MATERIAL FOR THIS EXERCISE:
-------------------------
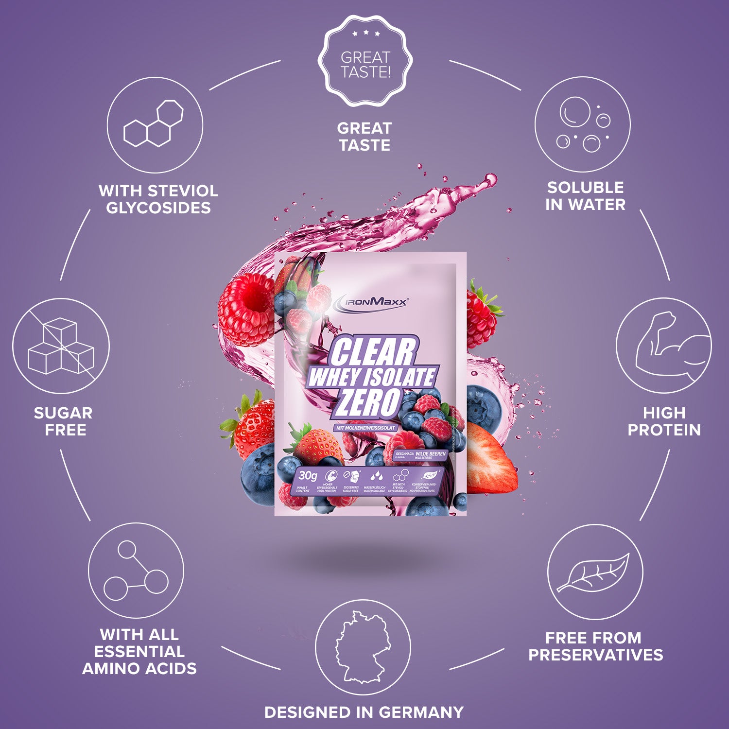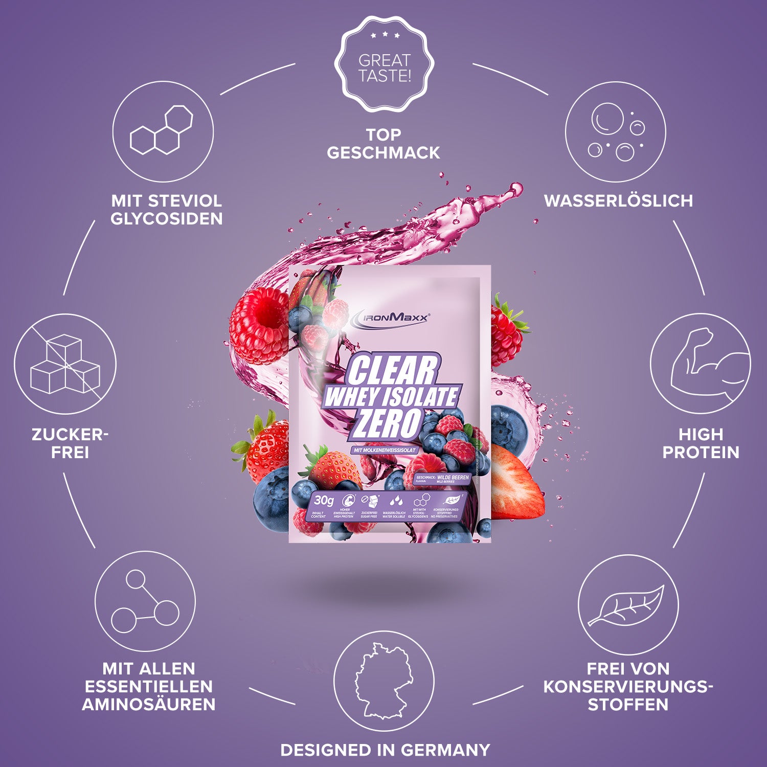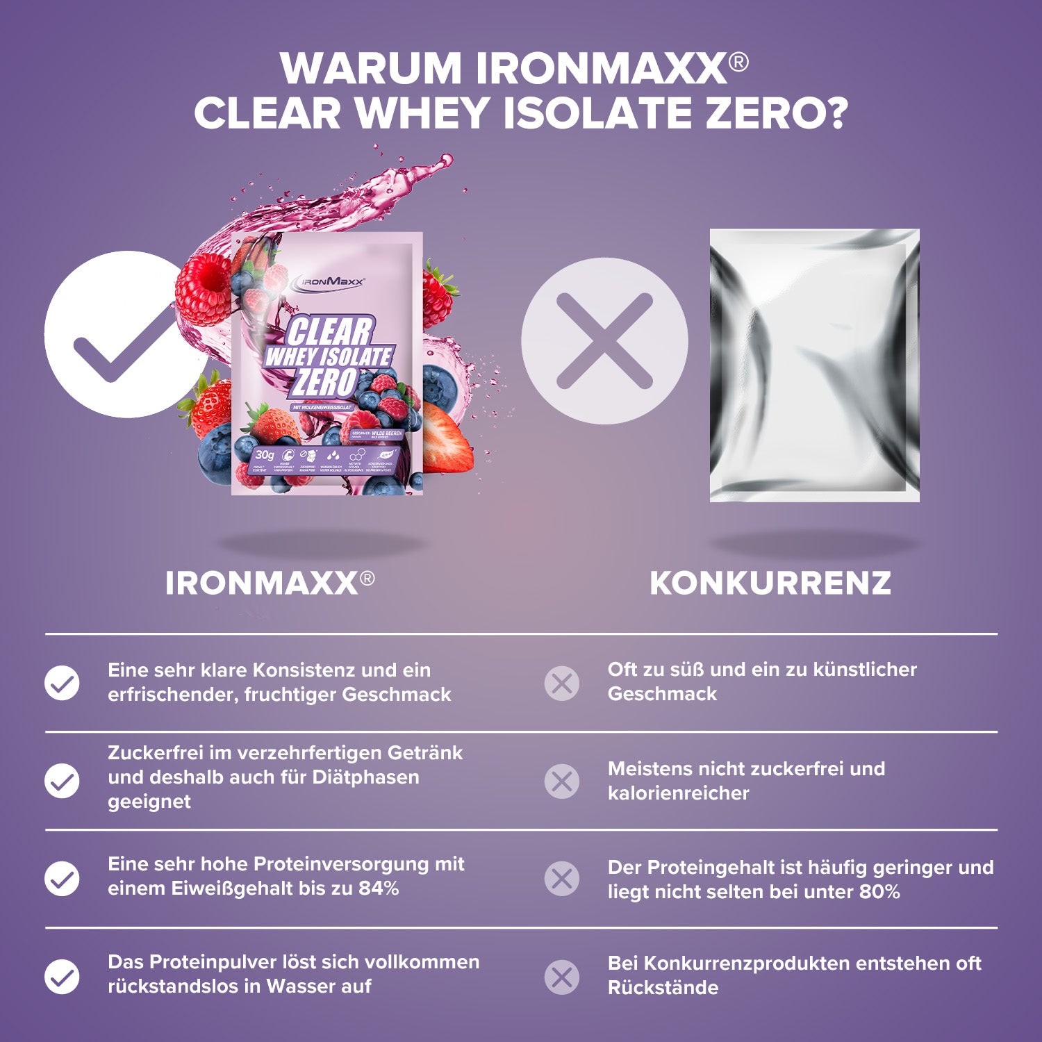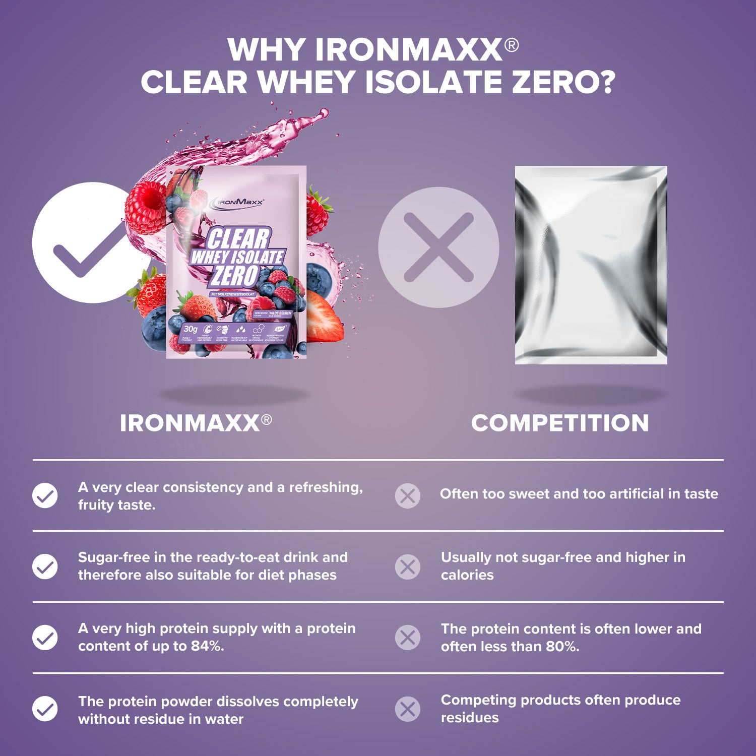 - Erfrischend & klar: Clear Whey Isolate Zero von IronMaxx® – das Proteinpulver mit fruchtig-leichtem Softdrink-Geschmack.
-------------------------
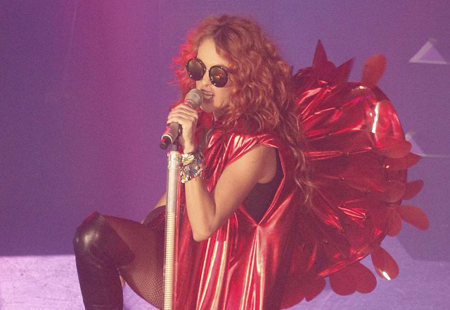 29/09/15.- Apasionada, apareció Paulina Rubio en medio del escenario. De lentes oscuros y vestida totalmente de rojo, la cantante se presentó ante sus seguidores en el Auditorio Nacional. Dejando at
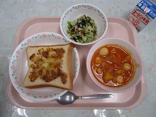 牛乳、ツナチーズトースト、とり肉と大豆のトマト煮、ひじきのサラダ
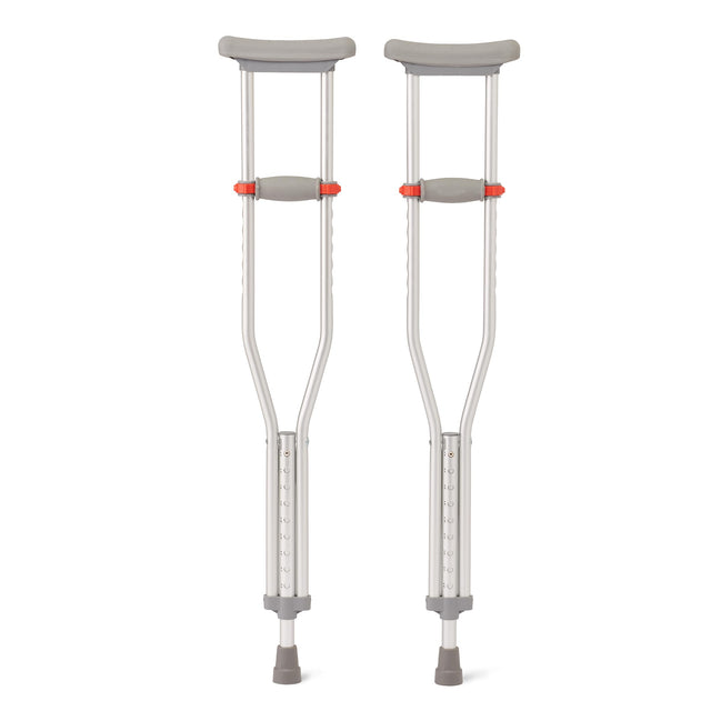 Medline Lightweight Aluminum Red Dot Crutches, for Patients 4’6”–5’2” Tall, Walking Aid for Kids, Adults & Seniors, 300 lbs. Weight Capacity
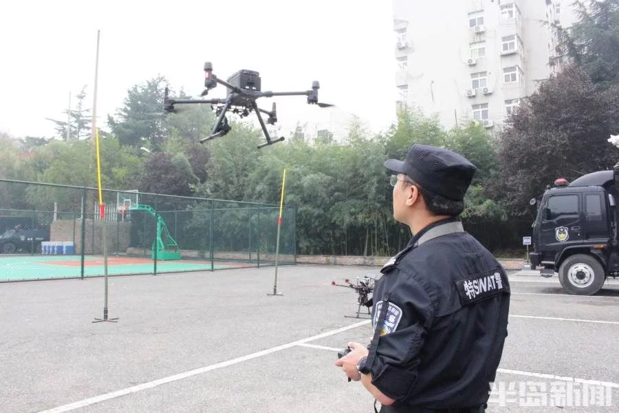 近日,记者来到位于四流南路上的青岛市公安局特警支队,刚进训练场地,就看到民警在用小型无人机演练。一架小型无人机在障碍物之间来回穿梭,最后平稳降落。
-------------------------
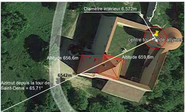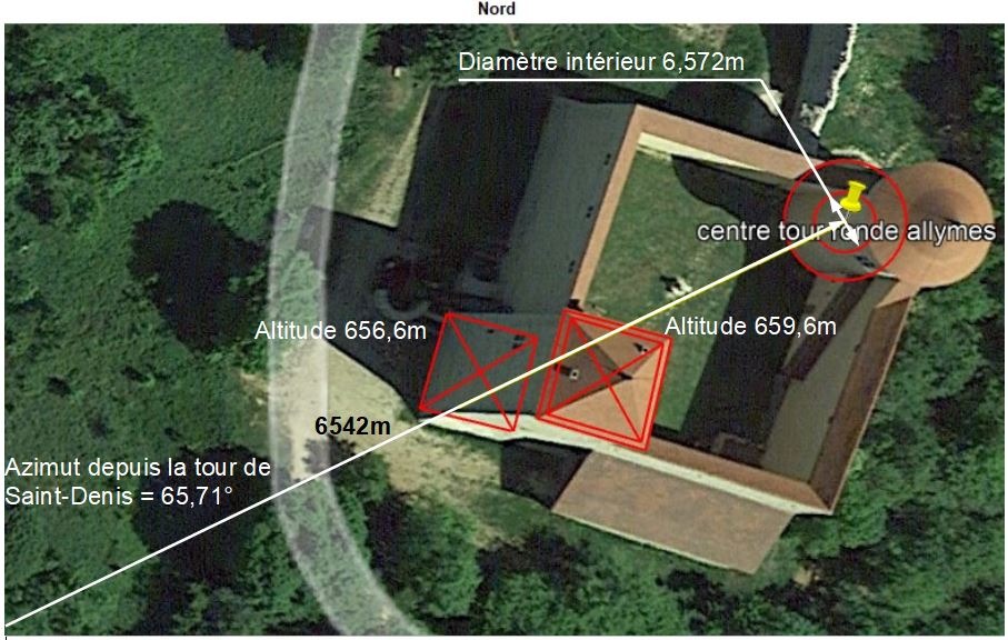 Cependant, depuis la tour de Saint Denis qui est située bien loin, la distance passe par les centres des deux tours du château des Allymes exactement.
-------------------------
PROBLEM TO WORK ON:
Each line above starting at the one holding "29/09/15.- Apasionada, apareció" and ending at the one holding "牛乳、ツナチーズトースト、とり肉と大豆のトマト煮、ひじきのサラダ" should be set down exactly as it stands, both ends included, with no pictures.

WRITTEN SOLUTION:
 29/09/15.- Apasionada, apareció Paulina Rubio en medio del escenario. De lentes oscuros y vestida totalmente de rojo, la cantante se presentó ante sus seguidores en el Auditorio Nacional. Dejando at
 牛乳、ツナチーズトースト、とり肉と大豆のトマト煮、ひじきのサラダ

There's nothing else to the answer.